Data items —
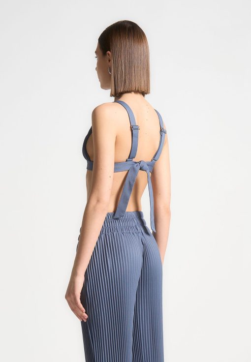 This Pleated Eiffel Bralette features an adjustable tie back and straps for a comfortable and customisable fit. Its lightweight design makes it easy to wear all day, while the pleated detailing offers a flattering look. Perfect for many occasions, this bralette is a must-have addition to your wardrobe.
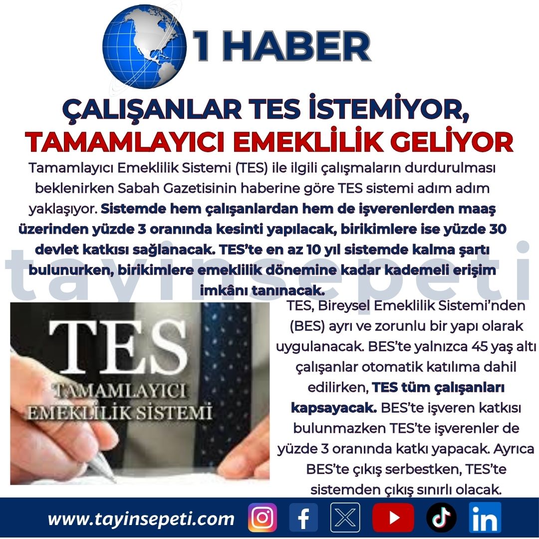 Tamamlayıcı Emeklilik Sistemi (TES) ile ilgili çalışmaların durdurulması beklenirken Sabah Gazetisinin haberine göre TES sistemi adım adım yaklaşıyor. Sistemde hem çalışanlardan hem de işverenlerden maaş üzerinden yüzde 3 oranında kesinti yapılacak, birikimlere ise yüzde 30 devlet katkısı sağlanacak. TES’te en az 10 yıl sistemde kalma şartı bulunurken, birikimlere emeklilik dönemine kadar kademeli erişim imkânı tanınacak.
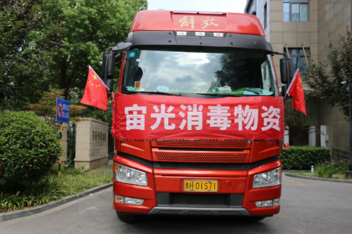 發(fā)車儀式結(jié)束后志愿者們坐著運(yùn)輸車輛即刻出發(fā),頂著驕陽奔赴中國(guó)鋼研科技集團(tuán)涿州基地。同時(shí)我們也提前聯(lián)系好了位于一千多公里之外的涿州市物資組工作人員在高速路口等待著消毒物資的到達(dá)。
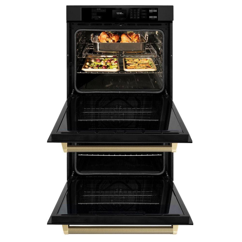 ZLINE Kitchen and Bath Autograph 30 in. True Convection Double Wall Oven with Air Fry in Black Steel with Champagne Bronze Helix Handles
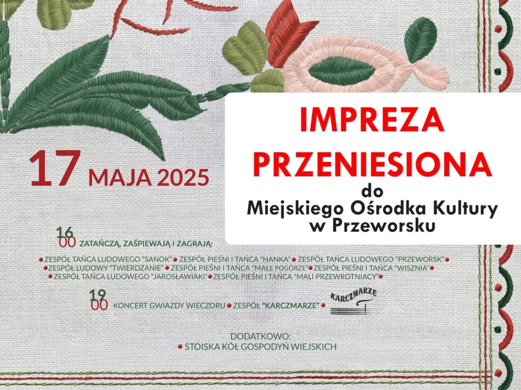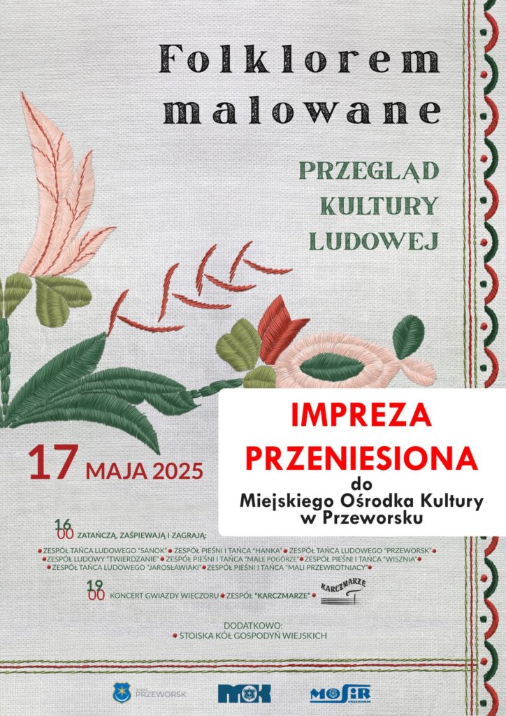 Uwaga miłośnicy folkloru! Zapraszamy na barwne i radosne święto tradycji – Przegląd Kultury Ludowej „Folklorem malowane”, który odbędzie się już jutro, w sobotę, 17 maja 2025 roku, w Miejskim Ośrodku Kultury w Przeworsku!
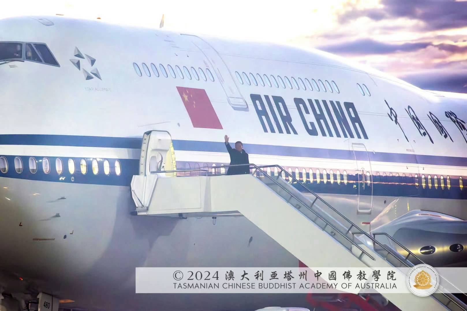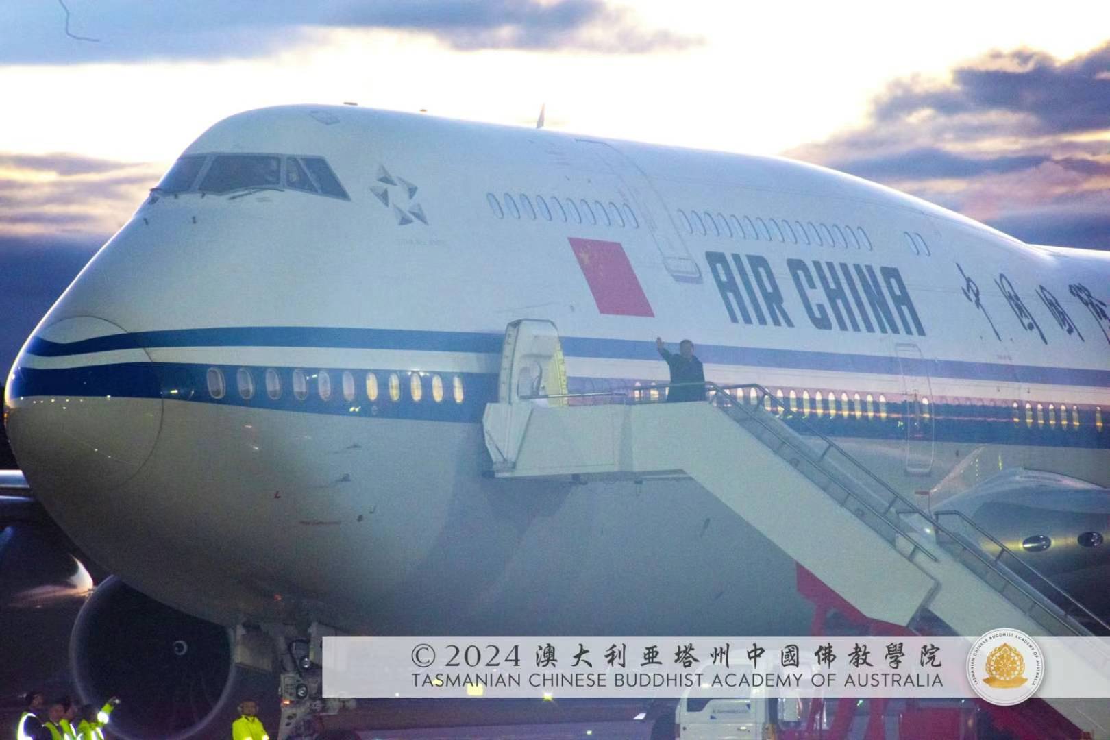 弟子在停機坪外看見李強總理走上懸梯,然後停下向大家揮手致意。弟子後來回看 ![]() 弟子們能夠在比較近的距離向祖國的領導人李強總理舞獅,擂鼓擊镲,這一場景無比的吉祥、殊勝、神聖和喜悅,弟子們實際上是代表全世界的聖密弟子們向祖國母親致以最赤誠的愛國之心,並以宗下的聖密傳統,通過舞獅的形式,祝願祖國母親繁榮昌盛、長治久安,人民安居樂業、生活幸福。同時,弟子也為圓滿完成 師尊爺爺交代的弘法任務而感到喜悅,從清晨天未亮開始準備,一天內四次轉場往來於堪培拉的街頭,直到最後一站目送總理飛機起飛,天也已經全黑。雖然奔波了一天,但是內心是很圓滿、很喜悅。 弟子亦很感恩這次活動的主辦方,他們非常辛苦,要協調二千餘人的隊伍,安排住宿、飲食、交通,弟子們每次轉場都是由陳運國會長指揮,有專門的大巴車接送弟子們,也有專人送飯菜,有事先安排的住宿。如此規模的協調調配,屬實不易,他們無私無我的付出,令弟子敬佩。
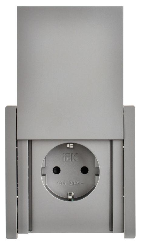 Розетка СП FORTE&PIANO16А IP44 FP519 с заземл. защ. шторки с крышкой безвинт. крепл. сталь IEK FP-R16-16-1-44-K46
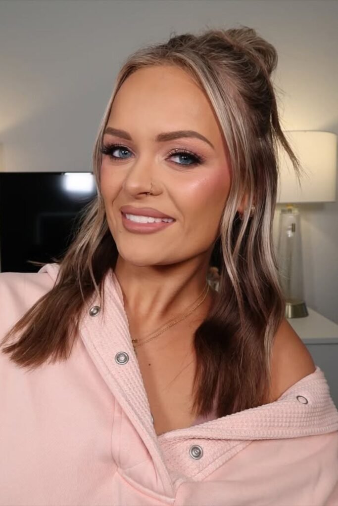 Face-framing strands shape this half-up style in a way that suits casual or at-home birthday plans where you want hair off your face without going full glam.
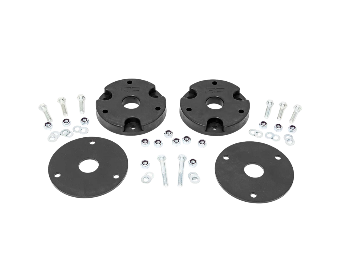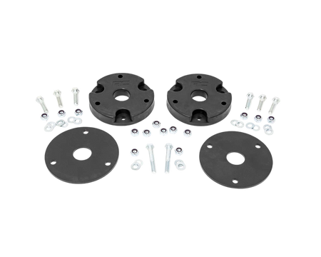 Don't limit your new truck! Rough Country's GM 1500 Leveling Kit features an upper-strut spacer design which is designed to improve CV boot clearance compared to bottom mount spacers. This design offers better clearance for off-road driving so you can tackle uneven terrain with greater peace of mind. Best of all, Rough Country's 2-Inch Leveling Kit is designed to retain your vehicle's smooth, factory ride quality.
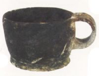 泥質(zhì)灰陶。斂口,筒形腹微鼓,圈足。腹部置一寬扁半圓形把柄。
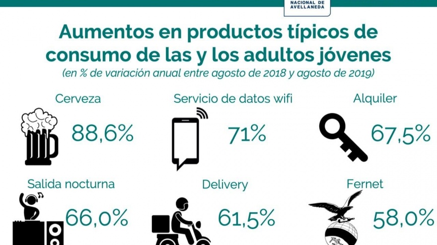 El Observatorio de Políticas Públicas de la Universidad Nacional de Avellaneda (Undav) publicó un informe hecho por estudiantes en el que se destacan aumentos de bienes y servicios que emplean los jóvenes de hasta el 500 por ciento, desempleo del 23 por ciento y encarecimientos del nivel de vida, entre otros aspectos económicos.

REQUIREMENT —
Line by line, write out the records above exactly, skipping the pictures.

ANSWER TO THE EXERCISE —
 This Pleated Eiffel Bralette features an adjustable tie back and straps for a comfortable and customisable fit. Its lightweight design makes it easy to wear all day, while the pleated detailing offers a flattering look. Perfect for many occasions, this bralette is a must-have addition to your wardrobe.
 Tamamlayıcı Emeklilik Sistemi (TES) ile ilgili çalışmaların durdurulması beklenirken Sabah Gazetisinin haberine göre TES sistemi adım adım yaklaşıyor. Sistemde hem çalışanlardan hem de işverenlerden maaş üzerinden yüzde 3 oranında kesinti yapılacak, birikimlere ise yüzde 30 devlet katkısı sağlanacak. TES’te en az 10 yıl sistemde kalma şartı bulunurken, birikimlere emeklilik dönemine kadar kademeli erişim imkânı tanınacak.
 發(fā)車儀式結(jié)束后志愿者們坐著運(yùn)輸車輛即刻出發(fā),頂著驕陽奔赴中國(guó)鋼研科技集團(tuán)涿州基地。同時(shí)我們也提前聯(lián)系好了位于一千多公里之外的涿州市物資組工作人員在高速路口等待著消毒物資的到達(dá)。
 ZLINE Kitchen and Bath Autograph 30 in. True Convection Double Wall Oven with Air Fry in Black Steel with Champagne Bronze Helix Handles
 Uwaga miłośnicy folkloru! Zapraszamy na barwne i radosne święto tradycji – Przegląd Kultury Ludowej „Folklorem malowane”, który odbędzie się już jutro, w sobotę, 17 maja 2025 roku, w Miejskim Ośrodku Kultury w Przeworsku!
 弟子在停機坪外看見李強總理走上懸梯,然後停下向大家揮手致意。弟子後來回看 ![]() 弟子們能夠在比較近的距離向祖國的領導人李強總理舞獅,擂鼓擊镲,這一場景無比的吉祥、殊勝、神聖和喜悅,弟子們實際上是代表全世界的聖密弟子們向祖國母親致以最赤誠的愛國之心,並以宗下的聖密傳統,通過舞獅的形式,祝願祖國母親繁榮昌盛、長治久安,人民安居樂業、生活幸福。同時,弟子也為圓滿完成 師尊爺爺交代的弘法任務而感到喜悅,從清晨天未亮開始準備,一天內四次轉場往來於堪培拉的街頭,直到最後一站目送總理飛機起飛,天也已經全黑。雖然奔波了一天,但是內心是很圓滿、很喜悅。 弟子亦很感恩這次活動的主辦方,他們非常辛苦,要協調二千餘人的隊伍,安排住宿、飲食、交通,弟子們每次轉場都是由陳運國會長指揮,有專門的大巴車接送弟子們,也有專人送飯菜,有事先安排的住宿。如此規模的協調調配,屬實不易,他們無私無我的付出,令弟子敬佩。
 Розетка СП FORTE&PIANO16А IP44 FP519 с заземл. защ. шторки с крышкой безвинт. крепл. сталь IEK FP-R16-16-1-44-K46
 Face-framing strands shape this half-up style in a way that suits casual or at-home birthday plans where you want hair off your face without going full glam.
 Don't limit your new truck! Rough Country's GM 1500 Leveling Kit features an upper-strut spacer design which is designed to improve CV boot clearance compared to bottom mount spacers. This design offers better clearance for off-road driving so you can tackle uneven terrain with greater peace of mind. Best of all, Rough Country's 2-Inch Leveling Kit is designed to retain your vehicle's smooth, factory ride quality.
 泥質(zhì)灰陶。斂口,筒形腹微鼓,圈足。腹部置一寬扁半圓形把柄。
 El Observatorio de Políticas Públicas de la Universidad Nacional de Avellaneda (Undav) publicó un informe hecho por estudiantes en el que se destacan aumentos de bienes y servicios que emplean los jóvenes de hasta el 500 por ciento, desempleo del 23 por ciento y encarecimientos del nivel de vida, entre otros aspectos económicos.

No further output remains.